ST. LOUIS COUNTY, Mo– With time running out for public comment, St. Louis County Executive Dr. Sam Page Wednesday voiced his opposition to a Manchester annexation plan that would add 1,400 acres and roughly 6,500 residents in an area south of Queeny Park that stretches to Carmen Road, Barrett Station Road and Dougherty Ferry Road.
“In the unincorporated area that Manchester is considering, the county maintains more than 60 miles of roads and the county public works and transportation department repairs and provides snow removal for these roads that residents have come to rely on,” Page said, including County Police service which county leaders say includes a response time of under 2 minutes. “For the city of Manchester to provide the same level of services to those in the unincorporated area that will mean more costs to those living in Manchester and the area under consideration for annexation with no guarantees that those new services will be as good as what they have now,” he said.

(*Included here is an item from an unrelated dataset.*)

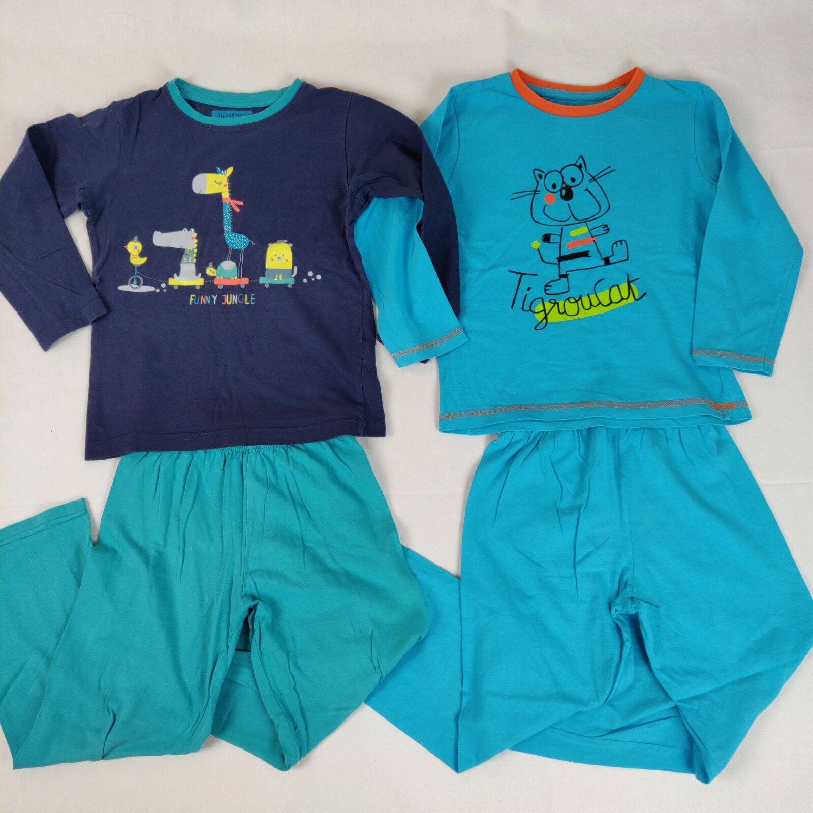 Autres commentaires : Lot de 2 pyjamas deux pièces. Haut à manches longues et pantalon à taille élastique. Pyjama 1 : Haut bleu avec motif chart noir orange et jaune et inscription « Tigroucat ». Col orange. Pantalon assorti. Pyjama 2 : Haut bleu foncé avec motifs animaux variés et multicolores en fil indienne et inscription « funny jungle ». Col bleu clair. Pantalon assorti à la couleur du col. Très discrète tâche marron à l’arrière du pantalon.

Page said he will write a letter by Friday asking the County's Boundary Commission to reject the proposal. County department heads will also be writing, he said.
Manchester officials made their presentation to the Boundary Commission late last month and argued that the move is a logical expansion for the city, would reunite some subdivisions which are currently split between the city and unincorporated St. Louis County, and would bring what it describes as a “sense of community” to the area.
The public comment period for annexation closes July 18, and the panel has until February 17, 2023 to decide to reject it or send it to a public vote.
“Educate the residents of the pros & cons. Let them decide. It will, however, come with a significant tax increase,” County Councilman Tim Fitch, who represents the area, told Spectrum News in a direct message.
Manchester Mayor Mike Clement disputes the tax claim, which he says doesn’t include the fact that residents in the newly-annexed area would save as much as $20 per month on trash collection.
According to the city’s proposal, property owners will be eligible for a tax rebate to make up for a street repair proposition that will see work done in 2023 that they will have had no voice in approving, allowing them to recoup a $.28 tax levy on residential, commercial and personal property. Property owners who get the rebate would see an increase of $.035 per $100 of assessed valuation and a $.05 per $100 of assessed valuation for personal property taxes.
Clement also questioned the county’s methodology for calculating police response times. A County Police spokesperson said the time is based on an officer’s response while on the beat in a particular area, and not coming from the nearest precinct station. The city says it can respond to emergencies in four minutes or less and would add 12 officers if voters approve annexation.
Clement says a decision from the Boundary Commission could come by September. If voters approve, city services would begin in the fourth quarter of 2023, with the exception of police, which would likely start by the summer of 2024.